◆ **What to produce**
Repeat exactly the line with "Фото, которые пензенцы" and each line after it to the end of the data below; pictures stay out.

◆ **Data extracted from a collection**
⁂

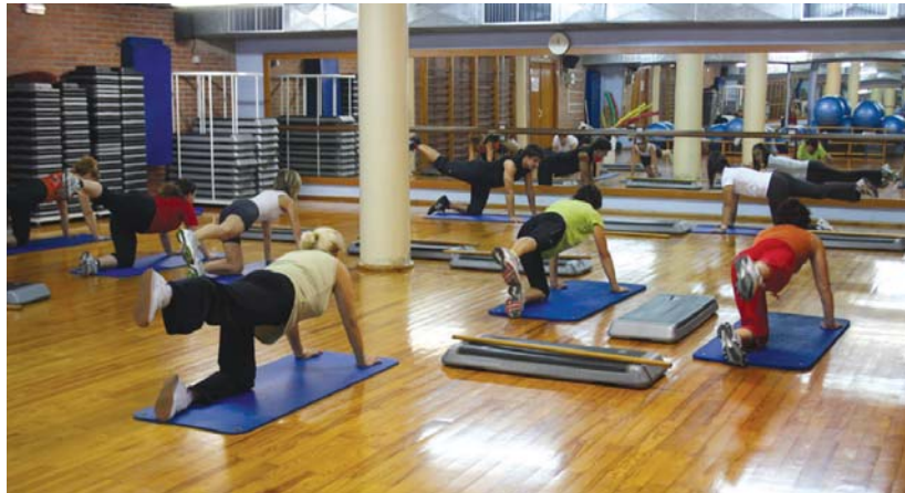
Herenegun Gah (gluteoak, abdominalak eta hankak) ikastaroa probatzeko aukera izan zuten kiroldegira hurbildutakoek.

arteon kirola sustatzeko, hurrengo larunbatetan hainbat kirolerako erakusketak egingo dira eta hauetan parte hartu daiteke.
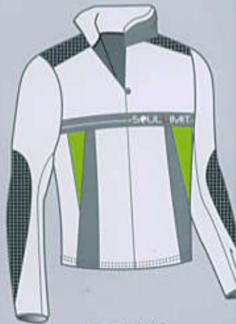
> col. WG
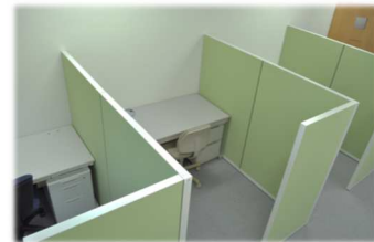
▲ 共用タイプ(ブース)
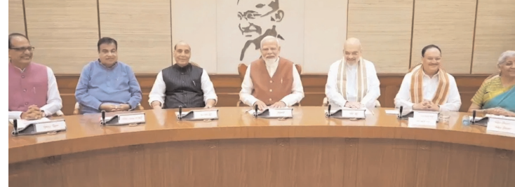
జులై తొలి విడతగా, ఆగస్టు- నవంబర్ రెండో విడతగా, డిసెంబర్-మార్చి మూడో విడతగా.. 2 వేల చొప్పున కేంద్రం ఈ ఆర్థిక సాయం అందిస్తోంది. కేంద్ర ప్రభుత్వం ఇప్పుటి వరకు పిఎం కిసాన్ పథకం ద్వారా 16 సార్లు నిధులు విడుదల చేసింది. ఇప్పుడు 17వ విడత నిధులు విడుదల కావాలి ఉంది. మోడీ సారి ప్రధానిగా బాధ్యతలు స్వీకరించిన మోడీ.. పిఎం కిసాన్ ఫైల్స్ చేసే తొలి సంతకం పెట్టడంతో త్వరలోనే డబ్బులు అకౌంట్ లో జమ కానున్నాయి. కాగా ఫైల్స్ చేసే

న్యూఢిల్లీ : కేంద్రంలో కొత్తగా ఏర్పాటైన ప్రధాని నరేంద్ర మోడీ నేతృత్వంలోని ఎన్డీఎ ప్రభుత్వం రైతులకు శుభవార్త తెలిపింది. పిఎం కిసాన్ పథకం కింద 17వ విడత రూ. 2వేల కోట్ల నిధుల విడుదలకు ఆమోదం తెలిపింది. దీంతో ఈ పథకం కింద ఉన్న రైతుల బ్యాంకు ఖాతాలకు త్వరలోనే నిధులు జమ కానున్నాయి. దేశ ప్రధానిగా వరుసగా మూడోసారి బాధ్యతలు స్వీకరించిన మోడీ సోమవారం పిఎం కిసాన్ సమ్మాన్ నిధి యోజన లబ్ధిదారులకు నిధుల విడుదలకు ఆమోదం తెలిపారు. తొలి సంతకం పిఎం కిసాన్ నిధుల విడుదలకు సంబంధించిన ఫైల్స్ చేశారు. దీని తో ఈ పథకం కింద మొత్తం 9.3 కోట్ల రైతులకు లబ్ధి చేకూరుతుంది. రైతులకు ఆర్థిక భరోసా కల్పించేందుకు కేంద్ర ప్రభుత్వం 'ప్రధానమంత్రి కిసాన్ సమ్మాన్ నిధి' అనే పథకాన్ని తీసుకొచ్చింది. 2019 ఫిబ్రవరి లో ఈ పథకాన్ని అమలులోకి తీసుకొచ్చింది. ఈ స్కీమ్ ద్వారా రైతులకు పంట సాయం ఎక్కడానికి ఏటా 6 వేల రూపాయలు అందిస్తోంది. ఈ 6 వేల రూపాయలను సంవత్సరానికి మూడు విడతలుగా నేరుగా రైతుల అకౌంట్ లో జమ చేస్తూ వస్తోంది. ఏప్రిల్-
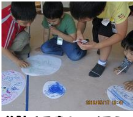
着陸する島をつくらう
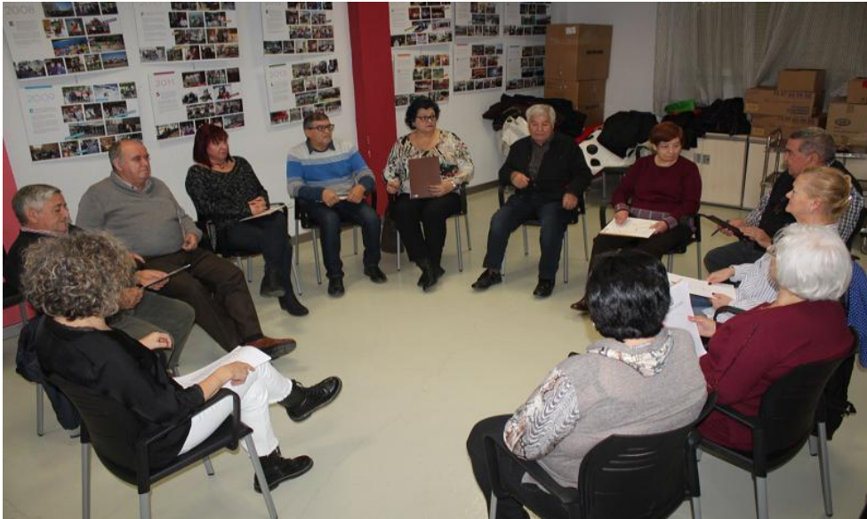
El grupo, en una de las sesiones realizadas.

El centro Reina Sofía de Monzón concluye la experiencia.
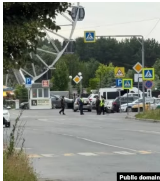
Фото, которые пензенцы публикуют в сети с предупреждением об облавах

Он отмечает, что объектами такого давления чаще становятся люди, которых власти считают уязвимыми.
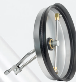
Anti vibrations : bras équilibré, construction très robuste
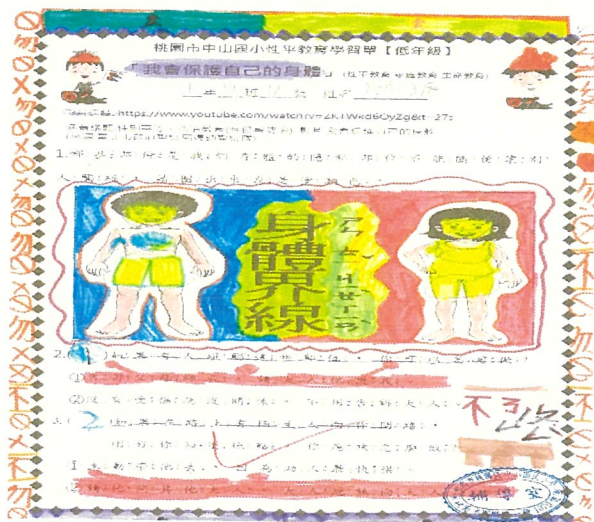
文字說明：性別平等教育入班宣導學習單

⁂

◆ **Task result**
Фото, которые пензенцы публикуют в сети с предупреждением об облавах

Он отмечает, что объектами такого давления чаще становятся люди, которых власти считают уязвимыми.
Anti vibrations : bras équilibré, construction très robuste
文字說明：性別平等教育入班宣導學習單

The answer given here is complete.